Earthquake Lights & Rifts

Mysterious Earthquake Lights Linked To Rifts

Saturday, January 4, 2014

Rare earthquake lights are more likely to occur on or near rift environments, where subvertical faults allow stress-induced electrical currents to flow rapidly to the surface, according to a new study published in the Jan./Feb. issue of Seismological Research Letters.

An earthquake light is an unusual luminous aerial phenomenon that reportedly appears in the sky at or near areas of tectonic stress, seismic activity, or volcanic eruptions. Once commonly challenged, it was not until photographs were taken during the Matsushiro earthquake swarm in Nagano, Japan (which occurred from 1965 through 1967) that the seismology community acknowledged their occurrence.

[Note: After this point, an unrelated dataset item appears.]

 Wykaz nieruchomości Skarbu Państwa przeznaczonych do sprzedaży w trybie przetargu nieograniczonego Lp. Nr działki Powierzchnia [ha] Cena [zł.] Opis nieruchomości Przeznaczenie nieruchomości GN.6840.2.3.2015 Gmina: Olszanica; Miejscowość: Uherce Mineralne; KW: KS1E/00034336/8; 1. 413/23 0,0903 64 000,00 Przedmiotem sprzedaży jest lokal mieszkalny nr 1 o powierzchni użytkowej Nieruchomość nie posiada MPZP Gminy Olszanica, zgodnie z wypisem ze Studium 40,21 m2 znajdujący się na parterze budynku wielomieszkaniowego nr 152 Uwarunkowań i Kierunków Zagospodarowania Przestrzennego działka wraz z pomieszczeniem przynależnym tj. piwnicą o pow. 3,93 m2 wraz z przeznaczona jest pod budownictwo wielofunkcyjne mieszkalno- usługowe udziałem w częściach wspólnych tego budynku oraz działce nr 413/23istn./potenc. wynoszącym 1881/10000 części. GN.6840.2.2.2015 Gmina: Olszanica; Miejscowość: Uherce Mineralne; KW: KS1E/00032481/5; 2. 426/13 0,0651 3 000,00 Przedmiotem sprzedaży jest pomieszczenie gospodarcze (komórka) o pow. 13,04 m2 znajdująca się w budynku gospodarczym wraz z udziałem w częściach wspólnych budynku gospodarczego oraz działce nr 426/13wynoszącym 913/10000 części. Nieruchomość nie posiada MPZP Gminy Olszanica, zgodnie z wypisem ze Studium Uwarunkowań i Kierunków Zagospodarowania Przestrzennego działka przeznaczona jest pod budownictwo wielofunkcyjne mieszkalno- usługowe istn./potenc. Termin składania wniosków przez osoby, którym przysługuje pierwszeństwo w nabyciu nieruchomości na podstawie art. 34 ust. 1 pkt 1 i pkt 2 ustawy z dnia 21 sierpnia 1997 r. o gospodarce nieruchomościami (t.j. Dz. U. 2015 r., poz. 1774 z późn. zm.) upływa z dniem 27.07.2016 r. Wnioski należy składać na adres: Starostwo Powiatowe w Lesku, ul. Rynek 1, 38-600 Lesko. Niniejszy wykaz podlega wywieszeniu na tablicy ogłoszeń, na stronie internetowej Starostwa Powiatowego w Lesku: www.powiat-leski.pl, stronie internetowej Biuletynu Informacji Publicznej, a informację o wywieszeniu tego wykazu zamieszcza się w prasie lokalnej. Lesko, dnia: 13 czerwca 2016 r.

From the early days of seismology, the luminous phenomena associated with some earthquakes have intrigued scholars. Earthquake lights (EQL) appear before or during earthquakes, but rarely after.

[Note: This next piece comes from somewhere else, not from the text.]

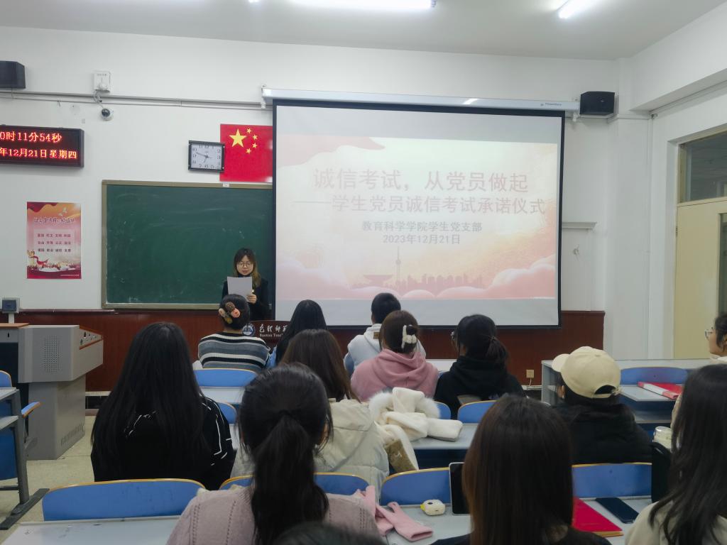 学校期末考试,不仅是检验专业知识掌握情况的考试,更是一场道德品质的考试,直接关系着每位同学诚信处事、以诚待人的品德。为发挥党员先锋模范作用,12月21日晚7点,我院学生支部开展“诚信考试,从党员做起”活动,一支部和二支部党员代表杨悦铭和王跃敏分别领读“戴党徽 亮身份 做表率 诚信应考”倡议书,与会全体学生党员共同签字承诺:考试期间佩戴党徽进入考场,严格遵守考试的规定和守则,自觉接受监考老师和同学的监督。

Earthquake lights from Tagish Lake, Yukon-Alaska border region, around the 1st of July, probably 1972 or 1973 (exact date unknown). Estimated size: 1m diameter. Closest orbs slowly drifted up the mountain to join the more distant ones.

Credit: Photo credit: Jim Conacher, used with permission

EQL take a variety of forms, including spheres of light floating through the air. Seconds before the 2009 L’Aquila, Italy earthquake struck, pedestrians saw 10-centimeter high flames of light flickering above the stone-paved Francesco Crispi Avenue in the town’s historical city center. On Nov. 12, 1988, a bright purple-pink globe of light moved through the sky along the St. Lawrence River near the city of Quebec, 11 days before a powerful quake. And in 1906, about 100 km northwest of San Francisco, a couple saw streams of light running along the ground two nights preceding that region’s great earthquake.

Continental rift environments now appear to be the common factor associated with EQL. In a detailed study of 65 documented EQL cases since 1600 A.D., 85 percent appeared spatially on or near rifts, and 97 percent appeared adjacent to subvertical faults (a rift, a graben, strike-slip or transform fault). Intraplate faults are associated with just 5 percent of Earth’s seismic activity, but 97 percent of documented cases of earthquake lights.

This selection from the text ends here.